SRAM datasheet: Contains various timing, power consumption and physical information of SRAM
Generation options for various views
- verilog simulation model
- DFT view
- timing view
- Masis view
- SPICE view
- GDS view
- LEF view
- VOLTUS view
Selection of different configurations (in view of the different types of memory, not every configuration can generate the corresponding memory, users need to check the memgen log)
- DualRail: Use different rails for VDD/VDDM
- ULVT/SVT: the choice of peripheral std-cell VT,
- BIST: Control whether to support MBIST mode
- bit-wise: whether to support bit write operation
- etc…

All configurable interfaces can be configured in batch mode. The advantage of this is that it can support users to realize automation when selecting and generating large-area SRAMs.
Similar SNPS will provide batch and GUI interface in mem-gen. GUI operation is relatively convenient, but in batch production, it is still necessary to use batch to improve production efficiency
insert image description here )

SRAM selection dimensions in actual projects

With the above explanations and the support of tools, users can basically start to generate SRAM. The above information and resources are ultimately tools to support actual projects. The comparison, matching, and selection of different SRAMs are the actual projects that can really work.
In today's large-scale chips, the area used by SRAM can even account for nearly half of the area of the entire project, so the selection of SRAM needs to be considered from the following aspects

Selection of SRAM vendor based on process
- Channel 1: Usually when FAB provides the process, it will also provide SRAM vendor recommendations. Generally speaking, FAB’s own SRAM is generally free (it should be covered by TO fees), such as T or S. Provide SRAM products with their own corresponding process
- Channel 2: Some third-party SRAM vendors have established a solid commercial contract with FAB, and FAB will also share it with users, allowing users to choose by themselves. Users only need a small amount of royalties when tape-out .
- Channel 3: For a certain process, some commercial customers have specially developed SRAM, and can achieve a better PPA than the original FAB, such as S, A, etc.
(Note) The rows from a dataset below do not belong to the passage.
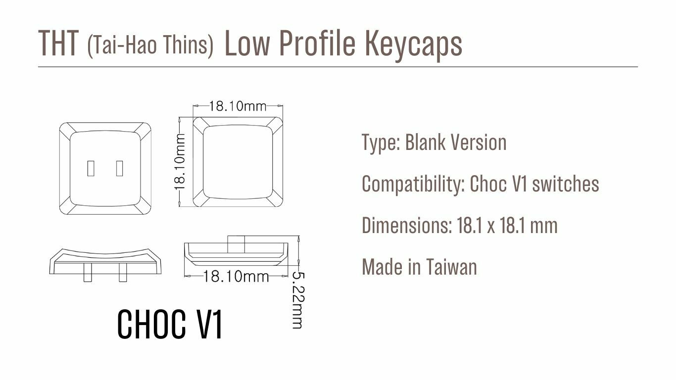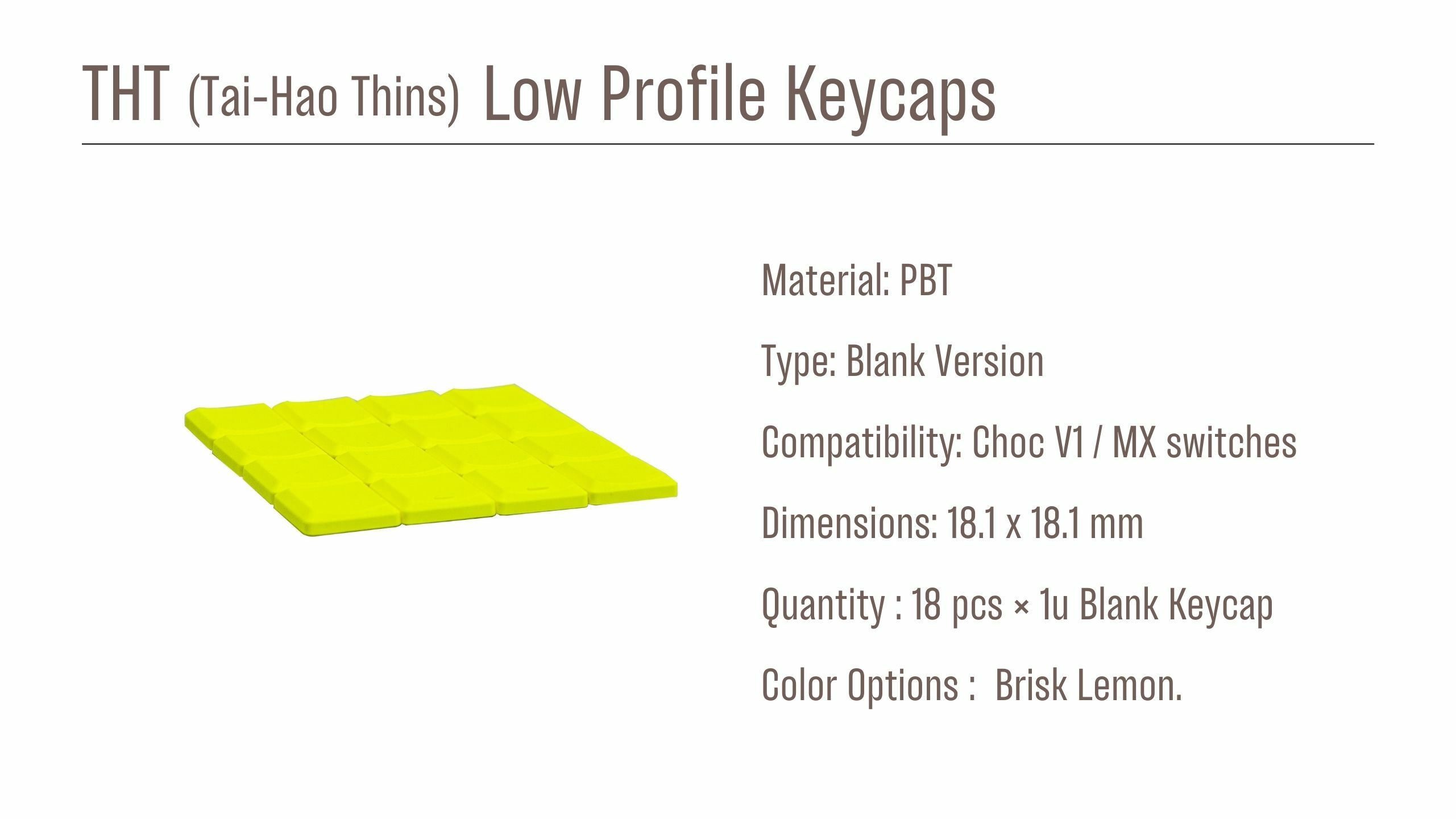THT (Tai-Hao Thins) 矮軸鍵帽 ( 無刻 ) - PBT-亮檸--18PCS (16 pcs 無刻 + 2 pcs 盲線)
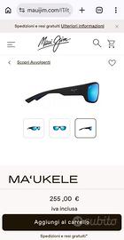 Nuovissimi mai usati, occhiali da sole Maui Jim modello Ma'ukele montatura esterno nero interno blu. Lenti in cristallo Stg grigio neutro, qualità Maui catergoria 3, curvatura base 8, contrasti al top, colori spettacolari; specchiatura esterna blu, antiriflesso interno lente blu. Taglia L si adattano alla maggior parte dei visi. Leggeri comodi con inserti al silicone anti scivolo per il sudore su nasello e astine. Misure lenti 64, ponte 17 astine 125. Completi di custodia originale rigida. Prezzo all'attuale listino Maui 255 eur. Si possono trovare scontati intorno ai 215. Regalati a questo prezzo.
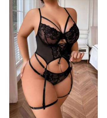 LINGERIE SET BIG SIZE WITH SUSPENDERS WOMEN'S BLACK J-89
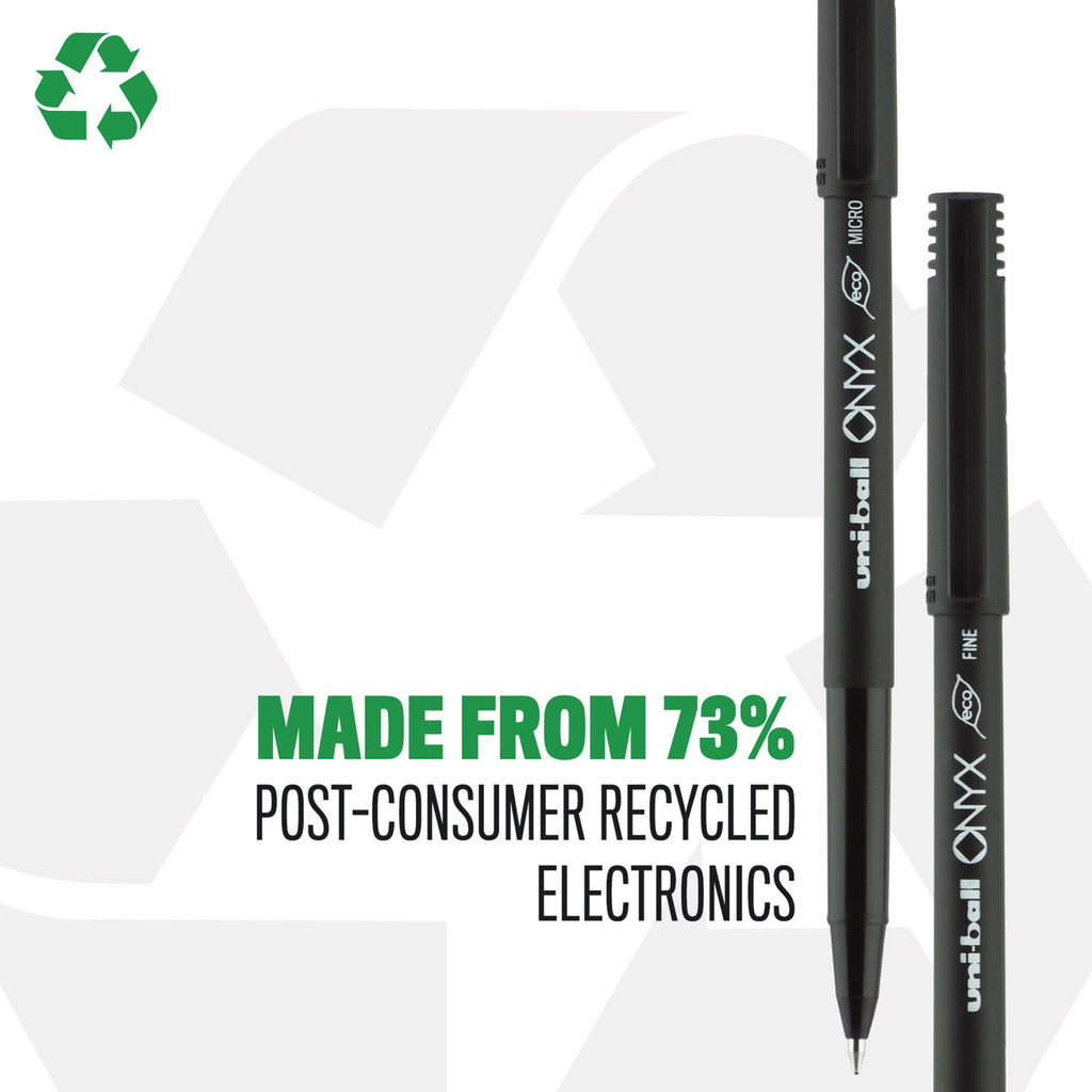 Stock your office, home or classroom with Onyx Rollerball Stick Pens from uni-ball featuring strong, long lasting tip sizes. This rollerball pen delivers the silky-smooth glide of a fountain pen without smudging for effortless writing. ONYX pens produce crisp and precise lines for intricate writing, making it easy to create super fine details in your drawings and diagrams. Capped roller pens are useful for a variety of tasks from note taking to signing checks and legal documents to uniquely embellishing fun and creative writing projects. Innovative uni Super Ink technology forms a strong bond with the paper, protecting from water, fading and fraud. A great economic and environmentally-conscious choice as this super sleek micro point roller pen is made from post-consumer recycled material.
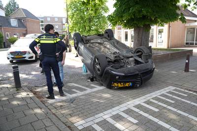 Auto belandt op de kop, middenin woonwijk in Velp
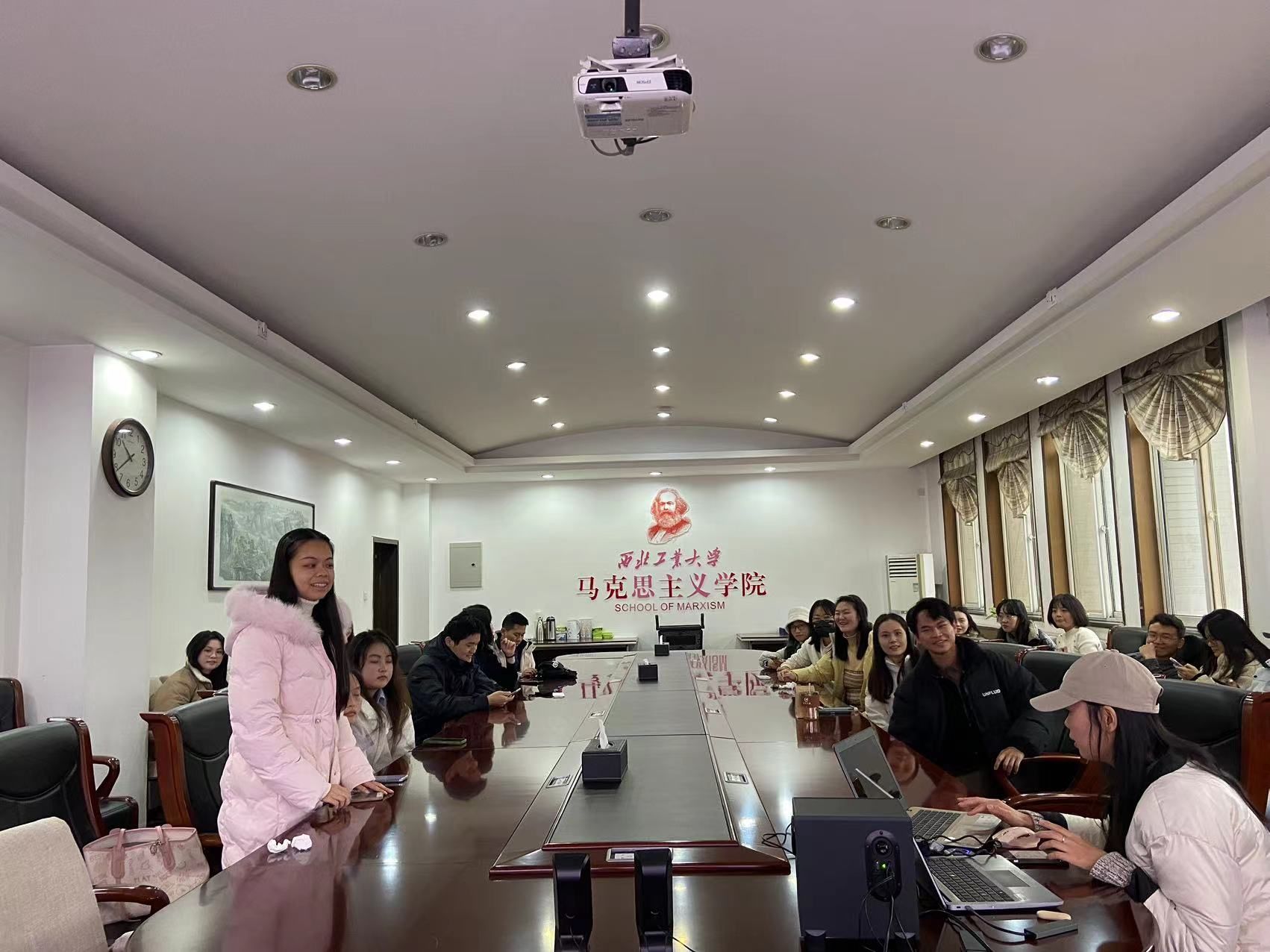 为深入开展学习贯彻习近平新时代中国特色社会主义思想主题教育,牢牢把握“学思想、强党性、重实践、建新功”总体要求,11月11日上午10点,西北工业大学马克思主义学院“一院一品”活动“嘹亮红歌映党史”之党史知识竞答在学院208会议室成功举办。此次知识竞答活动由马克思主义学院兼职辅导员王提滢主持,学院各年级硕士生踊跃参赛。

At this time, when users use it, they need to use it like Purchasing IP is the same as paying extra. If users really rely on a certain PPA, they can consider spending this money.
Consideration of Rail: Since this involves the rail design of the entire chip, it must be considered clearly at the early stage, and the project usually adopts a unified strategy. The current SRAM supports SD/DSLP design without the loss of peripheral isolate logic, but the internal processing of SRAM must have the cost of isolate. Based on the project's balance between power consumption and performance, it is very necessary to select the rail mode at the initial stage.
DFT correlation of STAM:
- BIST: Since there are peripheral std-cells in SRAM, the DFT function of this MBIST can support the fault location of such std-cells. The cost is due to the sharp increase of input pins, which may be a new challenge for APR. Usually, in order to save winding resources, these peripheral std-cell MBIST tests will be skipped, and MBIST tests will be performed on the entire memory (including memory array) directly.
- BISR: In order to achieve the yield rate, BISR is sometimes needed, especially the column redundancy bit. Through the data provided by FAB, 1 bit redundancy can usually be repaired, inspected and doubled , and the cost performance is still very high.
- All SRAM DFT-related parts require additional STD-cell support. This type of area is usually about 5% to 10% of the memory area. For large-scale chips, the impact of this part needs to be comprehensive when designing the architecture and evaluating the area. to consider
Shape: Due to the existence of too much memory (or memory array), the memory shape has a relatively large impact on the floorplan and pin access of APR. For a specific example, see: Let’s do a decoration layout to realize the second step – Floorplan . Here are a few points to note:
- Do not set the column mux too large for speed reasons. Causes memory to be too flat
- Do not create a memory that is too small in size, as it may cause the conventional pg strap not to fall directly on the memory, reduce power connection performance, and so on.
Timing: Here we focus on timing. Due to the wide distribution of memory, when the project is very large, the timing problem of memory will become the performance bottleneck of some core components, such as: L1/L2 etc. Therefore, when selecting memory, here are a few special attentions elements
- Tcycle: Minimum CLK cycle time CLK^ CLK^. This parameter describes the minimum period (highest frequency) that the memory can support, which must be higher than the frequency planned by the project. In addition, since this parameter is also a lookup table for clock input transition, usually the first version of clock-transition will It is defined as about 50ps, so it is suggested here that when selecting memory, Tcycle needs to have a margin of 20% more than the project requirements. If the main frequency of the project is 1G, then it is required that the Tcycle time of the SRAM cannot exceed 0.8ns under the condition of ssg
- Tckh/Tckl Minimum CLK Pulse High/Low. Usually each is about half of the Tcycle. It is important to note here that for a clock network with too many stages (latency is too long), the clock inverter must be used first to build a clock tree, so as to control the duty cycle of the leaf (memory clock pin) Ratio, that is, try to satisfy: Tckh/Tckl
- Tcd/Tacc: CLK to valid Q (data output). This is to describe the time from memory to Q output, which has a great influence on the datapath of from-memory.
  
  Since the size of the memory is usually relatively large, the access time is usually 200ps~up, so for a timing path, this may be the maximum loss of data on a path. You can see that if you pass it, you can reduce Tqd and Tcd or increase it
  
  . Useful skew (Tlat_2 - Tlat_1), can improve the performance of the chip.
  Usually for Tcd, it is advisable not to exceed 60% of the entire period
Power consumption: The power consumption of different types of memory is also different. At this time, the ratio of ULVT and LVT of the peripheral of the memory will make a significant difference in leakage. When selecting the type, it is necessary to distinguish the impact of these two types on the timing Influence, so as to adopt the appropriate type.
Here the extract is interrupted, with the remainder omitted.